Last week, I raised a few proverbial glasses to my wife and two of my kids. It’s only proper that I continue with a few words on parenting.

While I’ve basically given up Facebook (I’m still cleaning out my friends list), there are still a few pages I follow. Sanctimommy is hilarious(HT Steve Horwitz) and a little disturbing because every post is just plausible enough that it’s not obviously a joke.

Steve has criticized what he calls “corner solution parenting,” or, in other words, parenting that tries to reduce the probability of a given risk to zero. He is inspired, as I am, by Lenore Skenazy’s Free-Range Kids, which is probably the best book I’ve ever read on how wise parents should approach risk.
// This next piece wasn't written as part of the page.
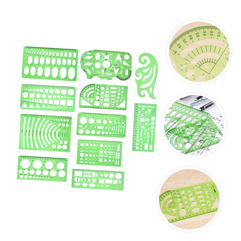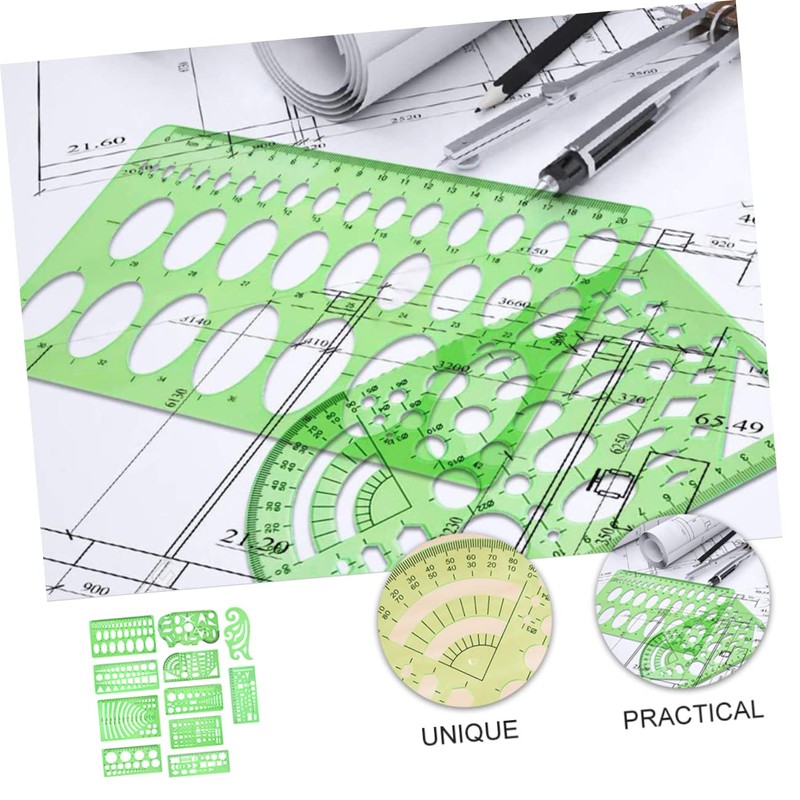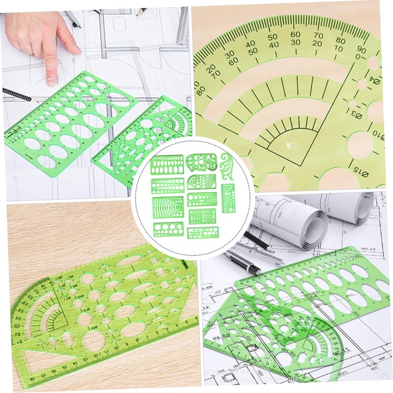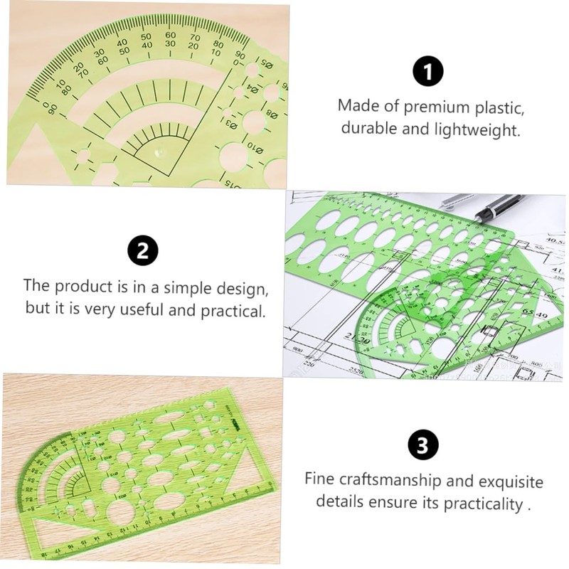 - Measuring template rulers:the drawings templates are made of plastic which are and lightweight clear green color can protect our eyes,Geometry Drawing Template

My sense is that a lot of parenting books are filled with pure nonsense based on bad interpretation of data. Indeed, I went on the warpath about the abuse of statistical significance testing when we were expecting our first child because of reading passages in “so you’re expecting” books about the significant effects of this thing or that thing without any reference to magnitude.*

That’s why our very own Bryan Caplan’s Selfish Reasons to Have More Kids was such a welcome addition to this literature. He builds on Skenazy in some places but summarizes the literature on the effects of “nurture” in many others. In light of Caplan’s insights, my review was titled “How I Learned to Stop Worrying and Just Love My Kids.”
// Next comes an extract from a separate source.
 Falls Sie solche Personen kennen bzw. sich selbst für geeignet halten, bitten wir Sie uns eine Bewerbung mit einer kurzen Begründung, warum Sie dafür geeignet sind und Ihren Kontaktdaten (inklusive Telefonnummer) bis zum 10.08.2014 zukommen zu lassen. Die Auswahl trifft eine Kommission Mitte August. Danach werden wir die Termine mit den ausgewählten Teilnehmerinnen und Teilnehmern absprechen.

My favorite “Christian parent” book is by Elise Fitzpatrick and Jessica Thompson, and it’s called Give Them Grace: Dazzling Your Kids with the Love of Jesus (here’s the website). It’s a useful companion to Skenazy and Caplan because it questions the “good parenting” and “make your kids good” paradigms (see this blog post, for example). This book also helped me “stop worrying and just love my kids” while resisting the temptation every parent knows: to try to turn the kids into a project, or to try to turn them into vessels through which we live vicariously.

In this discussion with Stefan Molyneux, David Friedman points out that we can think of children as either “pets that can talk” or “small people who don’t know very much.” If we treat them as pets who can talk, then our goal is to teach them the right (moral or intellectual) tricks. If we view them as small people don’t know very much, we see that we have a much deeper responsibility not as masters and trainers, but as leaders and mentors–in other words, as parents. Do I have this all figured out? Not by a long shot. Am I making constant mistakes? You bet. Am I making fewer mistakes because of these three books? Just a few of those avoided mistakes alone have been worth the price of the three books.